What is the recommended procedure for patients with psychiatric problems? eg. If someone is suicidal should they call 999? What sort of treatment do they receive once they get to hospital?
How come the Underground staff get away with calling you when they obviously didn't need to? It seems to me that the only real call necessary was the first one. If you waste police time, you get called on it, so why can't they do the same for the Ambulance Brigade?
Another good post Xf
In my experience TCP is used to mask the smell of alcohol - especially those alcoholics who still work
Hey, I am very curious about your working hours. i.e. how many hours a week are you supposed to work and if there is any overtime?
tabitha
Suicidal people dial 999 all the time. Hospitals put them under phschiatric supervision and they will be evaluated. They can also be 'sectioned', which means they can be taken to hospital for their own safety, whether they like it or not.
fiz
Unfortunately, if you insist on having an ambulance, the underground staff will oblige.

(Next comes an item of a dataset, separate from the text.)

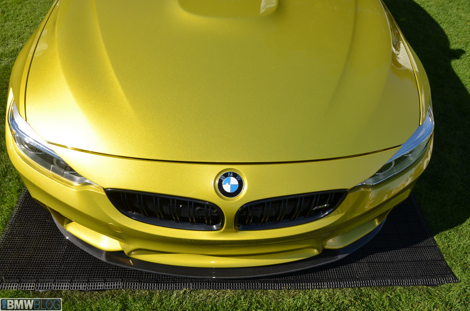 A further striking feature on the front of the new BMW Concept M4 Coupe is the BMW M double bar kidney grille: The black kidney grille bars imitate the characteristic M double spoke design of the BMW M wheels, the M4 emblem on the kidney grille adding an exclusive accent to the front end.

They also have nowhere else to turn if someone is ill. I have a lot of good to say about underground staff, so it doesn't worry me.
sam
Good point. I'll bear that in mind :-)
tabitha
As for a friend for Scruffs...one mad cat is enough for me and I think he'd attack him now anyway.
konstantin
We work an average of 37.5 hours like everyone else but we do that on a shift rota, so I will do 12 hour shifts but not every day of the week. Some weeks I'll work more hours than others but it will average out across my rota to the national standard.
Yes, there is almost always overtime available but some of us (me included) travel too much of a distance and are too tired on rest days to bother!